→ **PROBLEM DESCRIPTION**: Leave the pictures aside and copy all the data exactly.

MATERIAL PROVIDED: Begin

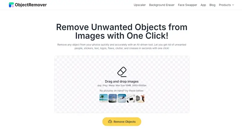 ObjectRemover je editační nástroj poháněný umělou inteligencí, který vám umožní snadno odstranit nežádoucí prvky z fotografií. Obecně umožňuje odstranit ze snímků osoby, auta, výrobky, domácí zvířata, rostliny, nepořádek, text, a dokonce i celá pozadí.
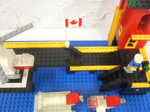 All original parts from the same playset dated 1977, with its manual. Pieces are all in excellent condition, very clean, none broken. Build measures 12½" wide X 7½" deep X 9" high. This is one of the builds from set #575. It is complete and follows instructions. Includes 1 helicopter and its helipad, 1 original figurine found with accessories, 2 sea hovercraft vehicles and 1 yellow ladder. Main sections will be separated for shipping. From a private collection.
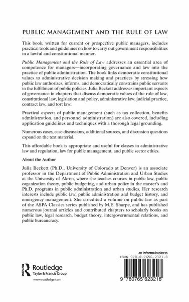 Julia Beckett is an associate professor in the Department of Public Administration and Urban Studies at the University of Akron. She earned a Bachelor of Arts degree in art and archaeology and a Juris Doctorate degree from Washington University in St. Louis. She earned a Master of Public Administration and a Doctor of Philosophy degree from the Graduate School of Public Affairs at the University of Colorado at Denver. She teaches courses in public law, public organization theory, public budgeting, and urban policy in the masters and doctoral programs in public administration and urban studies at the University of Akron. Her research interests include public law, public administration and budget history, and emergency management. She coedited an American Society for Public Administration Classics volume on public law. She has contributed chapters to scholarly books on public law, legal research, budget theory, intergovernmental relations, and public bureaucracy. She has published journal articles in The American Review of Public Administration, Journal of Public Policy and Analysis, Public Management and Social Policy, Public Budgeting, Accounting and Financial Management, and Journal of Public Administration Education.
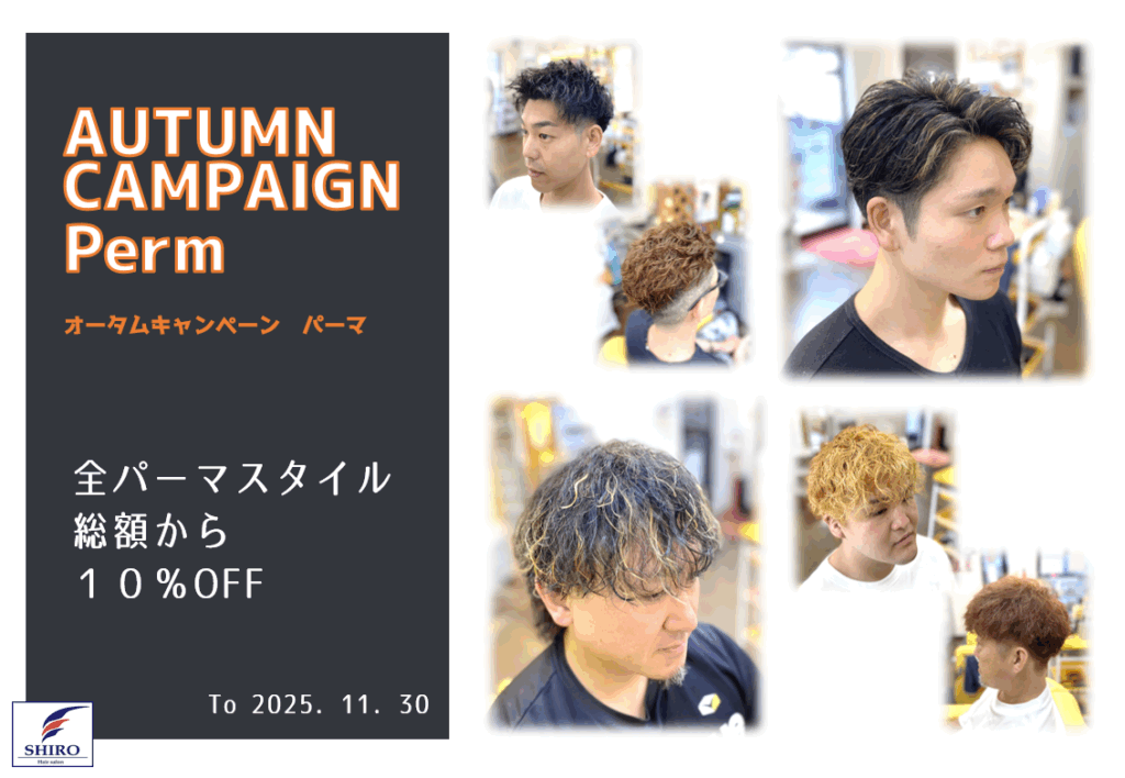 HOME ヘアサロン シローについて メニュー ご利用の流れ お問い合わせ Blog 10月の営業 【10月の営業日】です🎃暑さが徐々に弱まり秋らしくなってきました10月はハロウィン、紅葉狩り、十五夜、イベント目白押し🍁✨ですがシローも負けてません!今月は『パーマキャンペーン』です🧑🦱全パーマスタイルから【5%OFF】させていただきます!新しい自分に挑戦してみませんか?シローにそのお手伝いさせてください!いつでもお待ちしております😊 2025年10月1日 « 前の記事へ 次の記事へ » 最近の投稿 2026 シローガラポン大抽選会 ʜᴀᴘᴘʏ ɴᴇw ʏᴇᴀʀ̆̈ ⛩ 2025ありがとうございました🐍✨ *↟⍋*↟𝑀𝑒𝑟𝑟𝑦 𝐶ℎ𝑟𝑖𝑠𝑡𝑚𝑎𝑠*↟⍋*↟ クリスマスが今年もやってくる𓍄𓂃𓈒* アーカイブ 2026年1月 (2) 2025年12月 (7) 2025年11月 (12) 2025年10月 (5) 2025年9月 (2) 2025年8月 (2) 2025年7月 (1) 2025年6月 (2) 2025年5月 (1) 2025年4月 (2) 2025年3月 (1) 2025年2月 (2) 2025年1月 (4) 2024年11月 (2) 2024年10月 (4) 2024年9月 (1) 2024年8月 (1) 2024年5月 (2) 2024年4月 (1) 2024年3月 (1) 2024年2月 (2) 2024年1月 (1) 2023年12月 (4) 2023年11月 (2) 2023年10月 (1)

MATERIAL PROVIDED: End

→ **THE ANSWER**:
 ObjectRemover je editační nástroj poháněný umělou inteligencí, který vám umožní snadno odstranit nežádoucí prvky z fotografií. Obecně umožňuje odstranit ze snímků osoby, auta, výrobky, domácí zvířata, rostliny, nepořádek, text, a dokonce i celá pozadí.
 All original parts from the same playset dated 1977, with its manual. Pieces are all in excellent condition, very clean, none broken. Build measures 12½" wide X 7½" deep X 9" high. This is one of the builds from set #575. It is complete and follows instructions. Includes 1 helicopter and its helipad, 1 original figurine found with accessories, 2 sea hovercraft vehicles and 1 yellow ladder. Main sections will be separated for shipping. From a private collection.
 Julia Beckett is an associate professor in the Department of Public Administration and Urban Studies at the University of Akron. She earned a Bachelor of Arts degree in art and archaeology and a Juris Doctorate degree from Washington University in St. Louis. She earned a Master of Public Administration and a Doctor of Philosophy degree from the Graduate School of Public Affairs at the University of Colorado at Denver. She teaches courses in public law, public organization theory, public budgeting, and urban policy in the masters and doctoral programs in public administration and urban studies at the University of Akron. Her research interests include public law, public administration and budget history, and emergency management. She coedited an American Society for Public Administration Classics volume on public law. She has contributed chapters to scholarly books on public law, legal research, budget theory, intergovernmental relations, and public bureaucracy. She has published journal articles in The American Review of Public Administration, Journal of Public Policy and Analysis, Public Management and Social Policy, Public Budgeting, Accounting and Financial Management, and Journal of Public Administration Education.
 HOME ヘアサロン シローについて メニュー ご利用の流れ お問い合わせ Blog 10月の営業 【10月の営業日】です🎃暑さが徐々に弱まり秋らしくなってきました10月はハロウィン、紅葉狩り、十五夜、イベント目白押し🍁✨ですがシローも負けてません!今月は『パーマキャンペーン』です🧑🦱全パーマスタイルから【5%OFF】させていただきます!新しい自分に挑戦してみませんか?シローにそのお手伝いさせてください!いつでもお待ちしております😊 2025年10月1日 « 前の記事へ 次の記事へ » 最近の投稿 2026 シローガラポン大抽選会 ʜᴀᴘᴘʏ ɴᴇw ʏᴇᴀʀ̆̈ ⛩ 2025ありがとうございました🐍✨ *↟⍋*↟𝑀𝑒𝑟𝑟𝑦 𝐶ℎ𝑟𝑖𝑠𝑡𝑚𝑎𝑠*↟⍋*↟ クリスマスが今年もやってくる𓍄𓂃𓈒* アーカイブ 2026年1月 (2) 2025年12月 (7) 2025年11月 (12) 2025年10月 (5) 2025年9月 (2) 2025年8月 (2) 2025年7月 (1) 2025年6月 (2) 2025年5月 (1) 2025年4月 (2) 2025年3月 (1) 2025年2月 (2) 2025年1月 (4) 2024年11月 (2) 2024年10月 (4) 2024年9月 (1) 2024年8月 (1) 2024年5月 (2) 2024年4月 (1) 2024年3月 (1) 2024年2月 (2) 2024年1月 (1) 2023年12月 (4) 2023年11月 (2) 2023年10月 (1)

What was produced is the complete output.